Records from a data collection
****

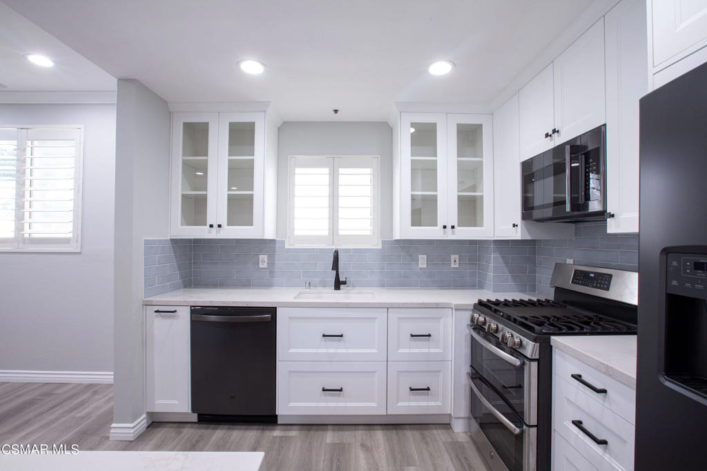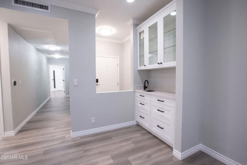 Amazing condo in highly desirable West LA. Next street over are upscale restaurants and shopping. Extremely desirable floor plan that has been completely remodeled. As soon as you walk in, you'll fall in love. This 2 bedroom, 2 bathroom, approximately 1,200 sq ft is loaded with charm and elegance. The kitchen has all new appliances, including refrigerator and microwave. Italian quartz, tile backsplash, lots of counter space and storage for all your pots and pans. Shutters give you privacy or light, when needed. New doors, vinyl flooring throughout, crown molding, laundry and storage in the hallway are obscured with beautiful modern folding doors. Master bedroom has a walk-in closet with built in shelving, both bedrooms are a nice size, ceiling fans, each with its own slider to the outside. The secondary bedroom has a large mirrored closet. The spa like bathrooms are beautiful and equipped with rain shower heads, modern toilets, marble tile & glass shower doors. The living area is equipped with a wet bar and fireplace. A quaint patio area is located at front, with a shady sitting area. Gated entrance for added security, underground parking garage with two spaces, storage area, elevator and lots of charm make this home so enticing. Ideal location and close to everything. Easy access to freeways. Don't let this one get away.
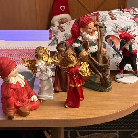 Noe nytt (bordløper, juletrepynt) og noe brukt (figurer og dukker).
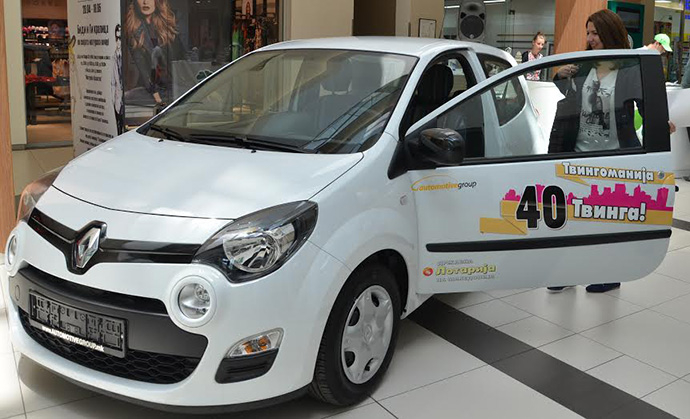 Уште едно потсетување , инстант лозот Твингоманија им овозможува на играчите лесен, брз и забавен начин да дојдат до еден од 40-те атрактивни автомобили РЕНО ТВИНГО ТРЕНД, или до бројни добивки од 40 до 500.000 денари. Сите овие добивки ги овозможува Државна лотарија на Македонија , а 40-те автомобили ТВИНГО ТРЕНД се овозможени во соработка со Аутомотив Груп како официјален застапник на реномираниот бренд Рено .
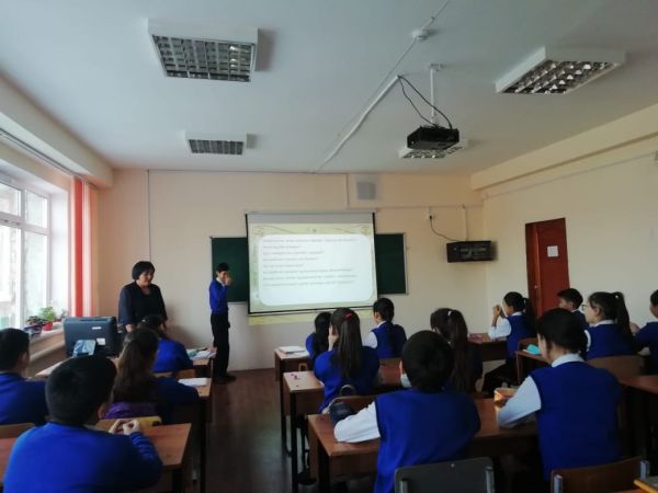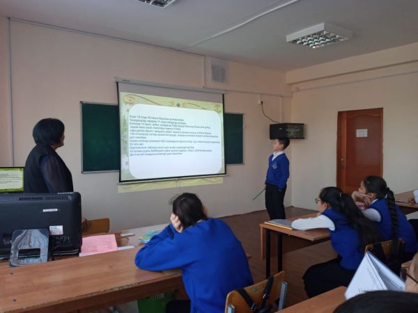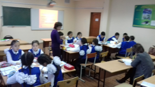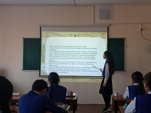 Учителями русского языка были проведены открытые уроки. Тайжанова Т.У. провела урок- путешествие в 4 классе по теме «Архитектурные памятники».Урок прошел интересно.
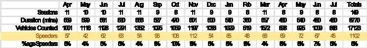 In the 16 months since we started we have run 149 SpeedWatch monitoring sessions and checked the speeds of 17,123 vehicles of which 1,102 (6%) were recorded as speeders. A speeder is 10% + 2 = 35 in a 30 zone, 24 in a 20 and 46 in a 40.
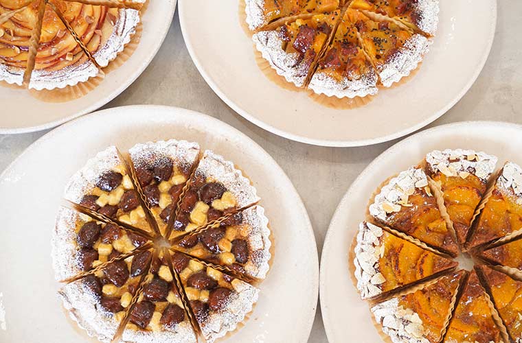 同店の焼きタルトは、フルーツをたっぷりトッピングして焼き込んだフルーティーな味わいが魅力。基本となるタルト生地は「よつ葉バター」をふんだんに使用。さらに厨房の温度や湿度管理から、こね方や焼成時間など細部に至るまで徹底し、芳醇さとサクサク感が自慢です。
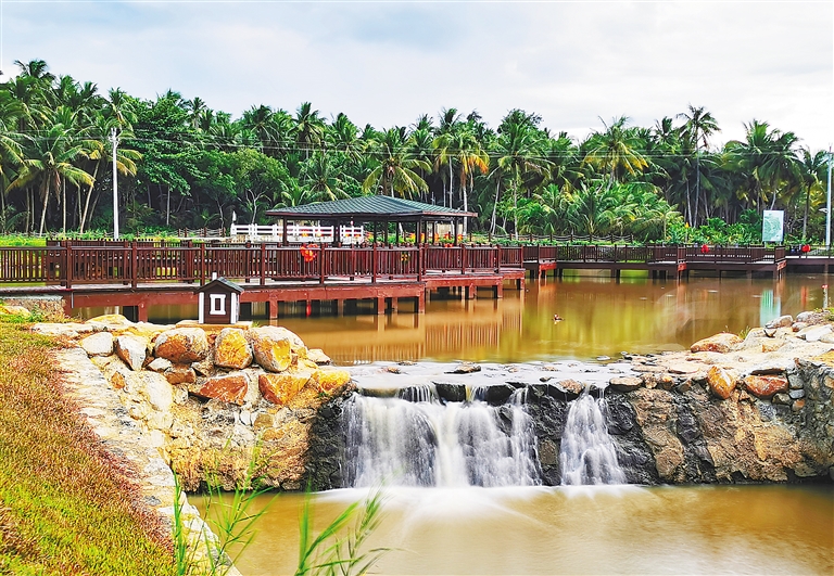 椰影婆娑,绿水环绕,这是踏进村子的第一印象。再定睛细看,慢道、栈桥、湖心亭,嬉戏的孩童背后,一大片飘着稻香的田园,好一幅世外桃源般的美丽乡村图景。

****

:: Work to be completed ::
From the line that contains "同店の焼きタルトは、フルーツ" to the last line of the data above, inclusive, transcribe every line exactly and only those lines, omitting pictures.

:: Response ::
 同店の焼きタルトは、フルーツをたっぷりトッピングして焼き込んだフルーティーな味わいが魅力。基本となるタルト生地は「よつ葉バター」をふんだんに使用。さらに厨房の温度や湿度管理から、こね方や焼成時間など細部に至るまで徹底し、芳醇さとサクサク感が自慢です。
 椰影婆娑,绿水环绕,这是踏进村子的第一印象。再定睛细看,慢道、栈桥、湖心亭,嬉戏的孩童背后,一大片飘着稻香的田园,好一幅世外桃源般的美丽乡村图景。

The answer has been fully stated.